Exercise goal> Write out the entries exactly. None of the pictures should appear in the copy.

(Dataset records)

>>>>

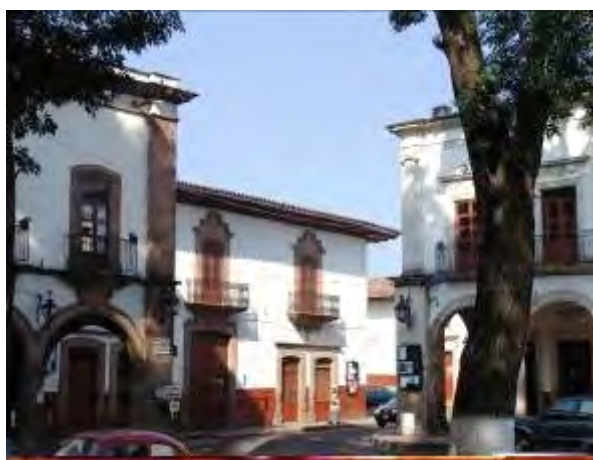
Ilustración 13. Arquitectura civil de Pátzcuaro. Fuente: Fotografía de Eduardo Quintana Méndez. 2013.
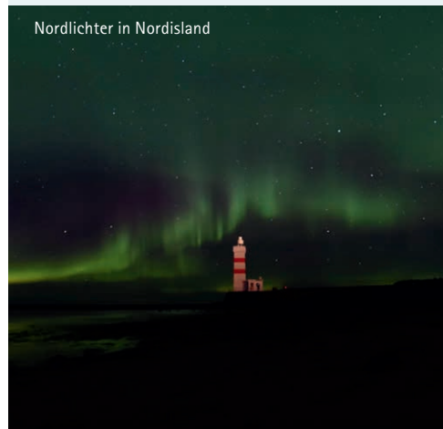
Nordlichter in Nordisland
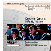
ROP4043 Weihnachten Christmas
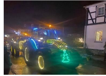
Weihnachtliche Lichter durch Landwirte
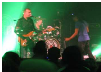
Les Infidèles sur scène.
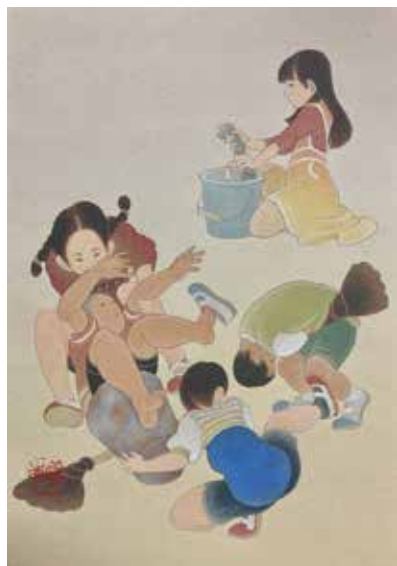
13 熊谷 曜志「そうじの時間」 SM 岩彩 132,000円

伸びやかな感性に満ちた俊英たち、独創性豊かな煌びやかな才能たちの競演をご体感くださいませ。
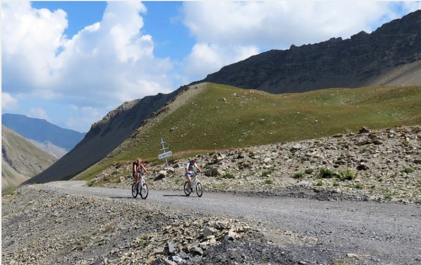
Encore quelques mètres (© Serre-Ponçon)
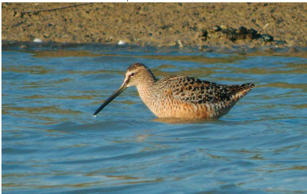
299 Grote Griuze Snip / Long-billed Dowitcher Limnodromus scolopaceus , Lingewal, Huissen, Gelderland, 26 april 2010 (Erik de Waard)

<<<<

Answer area>
Ilustración 13. Arquitectura civil de Pátzcuaro. Fuente: Fotografía de Eduardo Quintana Méndez. 2013.
Nordlichter in Nordisland
ROP4043 Weihnachten Christmas
Weihnachtliche Lichter durch Landwirte
Les Infidèles sur scène.
13 熊谷 曜志「そうじの時間」 SM 岩彩 132,000円

伸びやかな感性に満ちた俊英たち、独創性豊かな煌びやかな才能たちの競演をご体感くださいませ。
Encore quelques mètres (© Serre-Ponçon)
299 Grote Griuze Snip / Long-billed Dowitcher Limnodromus scolopaceus , Lingewal, Huissen, Gelderland, 26 april 2010 (Erik de Waard)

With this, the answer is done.